社会民主党、セニオリス共産党、進歩自由党の3党は11日、「厚生省」に関連する法案や人事について協力し合うことで一致した。26日に大統領は大統領令第84号『厚生省の設置』に署名。継承順位第15位に厚生省を管轄する厚生長官を置くこととし、議会は関連法案を可決すると共に、無所属の元地方議員のミラ・パヴロヴィッチ氏を長官に任命する人事を承認。1ヶ月にも満たないスピード決着であった。

労働省設置が建国以来より議論され続け948年10月にようやく実現したこととは対照的な出来事であるが、1ヶ月に満たない期間には拙速さも感じられる。この組織に問題はないのだろうか。

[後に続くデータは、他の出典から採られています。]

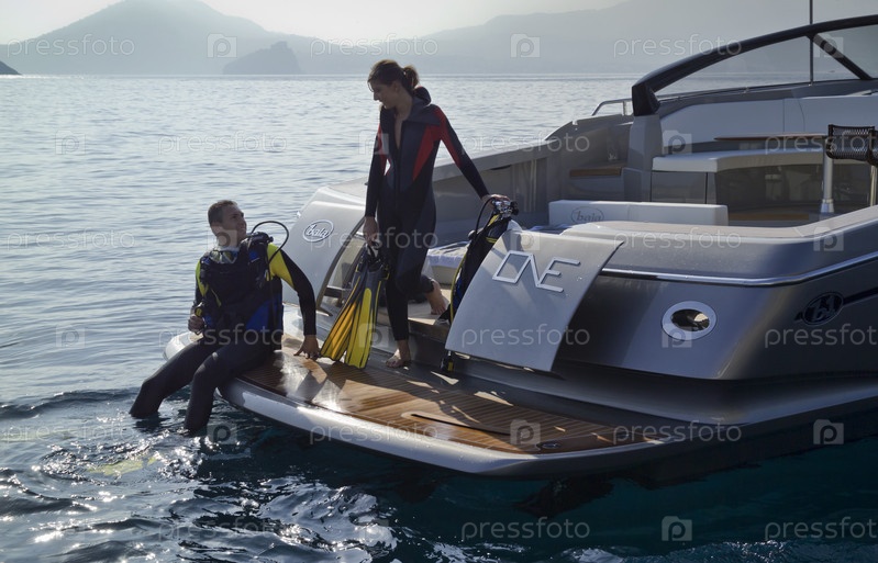 Италия, Байя (Неаполь), молодая пара готова к погружению на борту роскошной яхты (верфь Кантьери ди Байя)
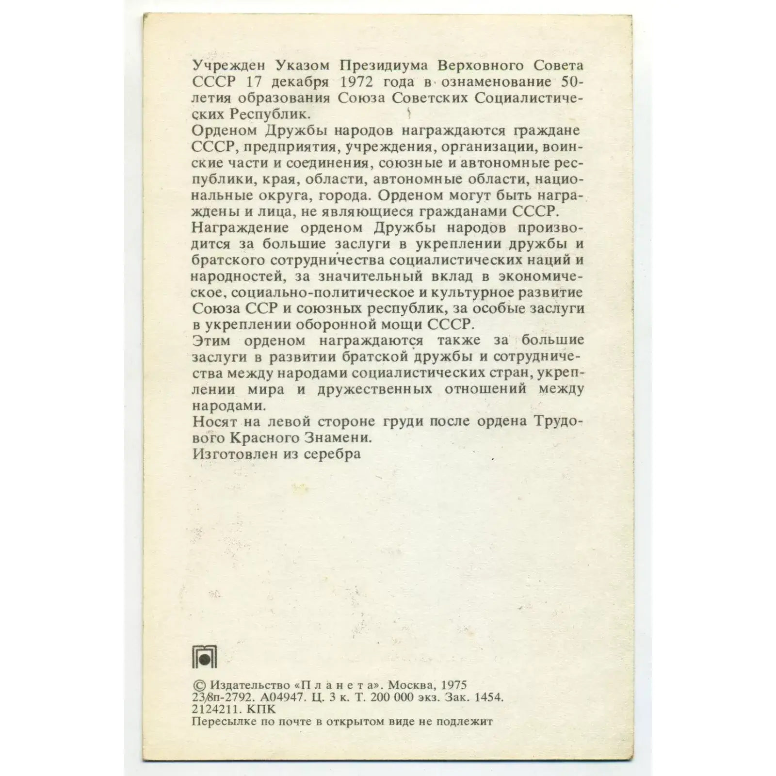 This award holds great significance in Soviet history. It represents the dedication and hard work of the Soviet people. The vintage postcard is a perfect addition to any collection. It also makes a thoughtful gift for anyone interested in Soviet history. Each postcard is an authentic piece from Planet Publishers House, Moscow, 1975. The Order of Honour postcard is a rare find, and owning one connects you to a rich history of excellence and achievement.
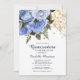 Elégante invitation à la fête d'anniversaire Quinceañera rose bleue avec parties scintillant d'or, bokeh, et lampes à cordes.
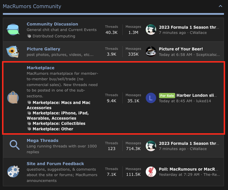 @jeffmr4:MacRumors does have a Marketplace where users can buy and sell items, however IIRC for security reasons and to prevent scams, you have to have 250 posts or more to gain access to it, which is equal to the "MacRumors 6502" user title.
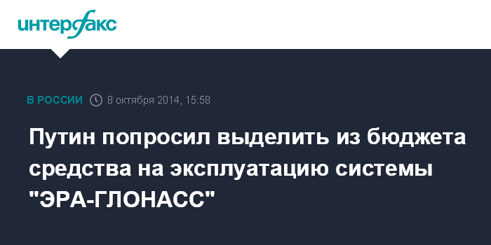 Москва. 8 октября. INTERFAX.RU - Президент РФ Владимир Путин просит правительство изыскать деньги на эксплуатацию и содержание в 2015-2016 годах системы "ЭРА-ГЛОНАСС".
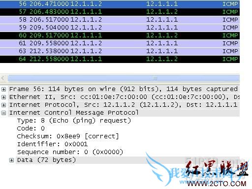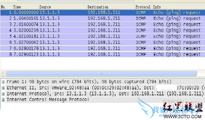没有回复icmp的查询报文,只有发出89个packet。当然这里有R2将自己的mac做为destination主机的mac。
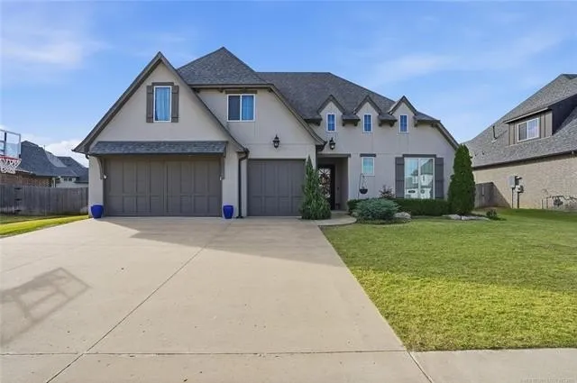Live in one of Bixby’s most desirable neighborhoods: Birmingham at Yorktown! This 4 bedroom, 3 bath home combines striking design with everyday comfort. The beamed living room features hardwood floors, built-ins, a cozy fireplace, and a light and bright feel with a wall of windows along the back. The chef?s kitchen is a showstopper with a full-size fridge/freezer, oversized 6 cm granite island, modern tile backsplash, and a large picture window in the breakfast nook. Flexible main floor layout includes the spacious primary suite plus an additional bedroom or private study with its own full bath. Upstairs offers two bedrooms and a game room, perfect for extra living space. Enjoy outdoor living beneath the covered patio overlooking a nice-sized backyard. Extra touches include a custom iron front door, epoxy-coated 3 car garage floor. Neighborhood amenities elevate the lifestyle with community pool, park, and miles of walking trails.
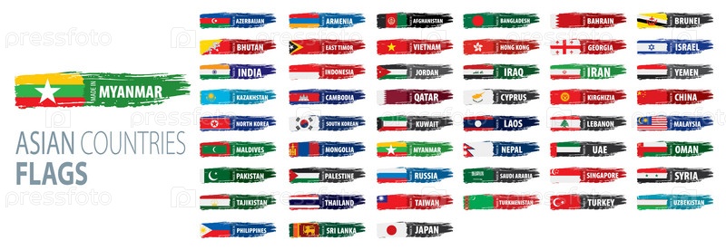 Национальные флаги азиатских стран. Векторные иллюстрации
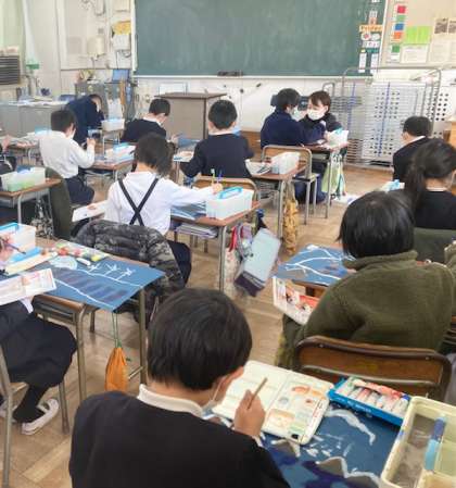 1組 粟飯原先生 図画工作 かさこじぞう(国語の教科書にあります)
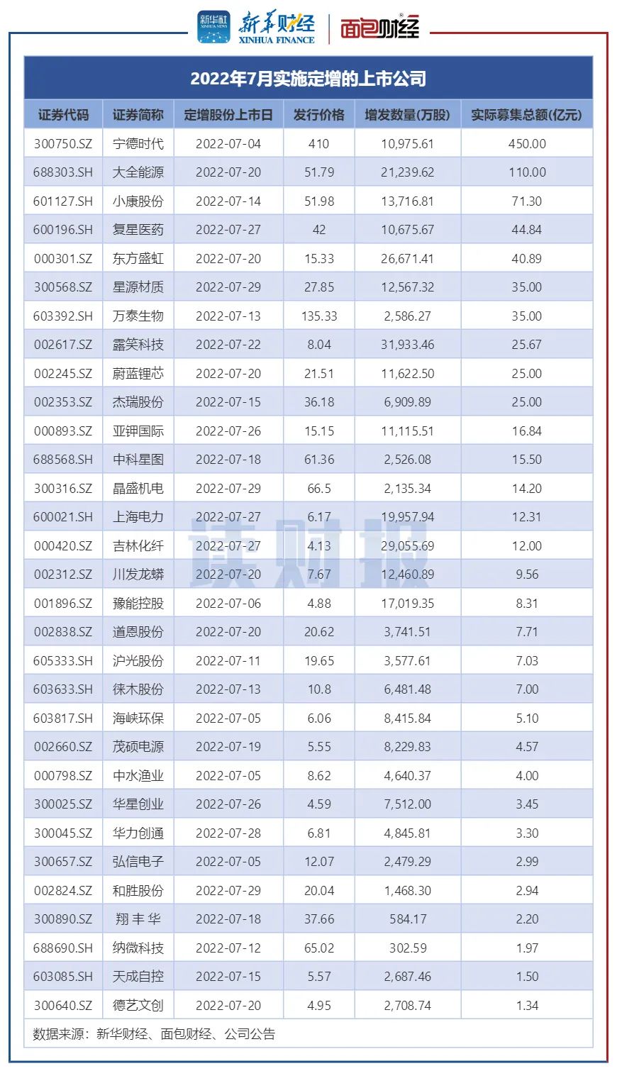 2022年7月實(shí)施定增的上市公司中,寧德時(shí)代的實(shí)際募資總額排在首位。寧德時(shí)代共發(fā)行約10975.61萬股,發(fā)行價(jià)格為410元/股,實(shí)際募集資金總額約450億元。發(fā)行對(duì)象包括南方東英資產(chǎn)管理有限公司、溧陽(yáng)市先進(jìn)儲(chǔ)能私募基金合伙企業(yè)(有限合伙)、麥格理銀行有限公司、香港上海匯豐銀行有限公司等22家機(jī)構(gòu)投資者。其募集資金將用于福鼎時(shí)代鋰離子電池生產(chǎn)基地項(xiàng)目、廣東瑞慶時(shí)代鋰離子電池生產(chǎn)項(xiàng)目一期、江蘇時(shí)代動(dòng)力及儲(chǔ)能鋰離子電池研發(fā)與生產(chǎn)項(xiàng)目(四期)、寧德蕉城時(shí)代鋰離子動(dòng)力電池生產(chǎn)基地項(xiàng)目(車?yán)餅稠?xiàng)目)、以及寧德時(shí)代新能源先進(jìn)技術(shù)研發(fā)與應(yīng)用項(xiàng)目。

「実は厚生福祉特化の省庁の設置はバルバリッチ政権発足以来からずっと水面下で議論され続けていたのです」とは今回の設置で中心的役割を担った社会民主党中堅議員の談だ。
「前政権下でマタチッチ行政改革長官がまとめ第3回選挙前に公表した『現行制度の不足機能』の報告書では安全保障部門、労働部門、福祉部門の大きく3つで不足項目が指摘されていたのですが、政権奪還を目指す我々は労働のみならず福祉での行政改革も主張し、国民の皆様の支持を得ることが出来ました。しかし福祉部門は当時の自由党の想定外にあり、また穏健派労働組合のナショナルセンター形成構想もあり労働省設置が急がれていたため、まずどこから手を付けなければいけないかという水面下での議論から始まったのです。」

第3回選挙の当初、当時のバルバリッチ候補には「極左」との逆風が吹き荒れ、ヴィドヴィチ候補とベキッチ候補の2択とまで言われた。自由党は「労働省設置」によって穏健左派を固めベキッチ候補を圧倒する構えだったが、社会民主党と共産党が福祉部門の改革も主張し、逆に中道派票を引き抜かれた格好だ。
「バルバリッチ政権発足当時には全くの白紙だったことは事実です。しかし我々はここまで10年間に渡り議論を重ねてきました。労働省設置は複数の政権を跨がされましたが、この問題を先送りする必要などありません。これは奇跡などではなく、必然です。」

バルバリッチ政権は、前政権を打ち倒す格好で誕生しながら、その口上を遥かに上回る格好で「行政改革」を実現した。しかし、これによって人民の不幸はすべて消滅したわけではない。共和国の歩みをとどめてはならない。2年後に控える選挙は、人民の固き意思を表すものとなることだろう。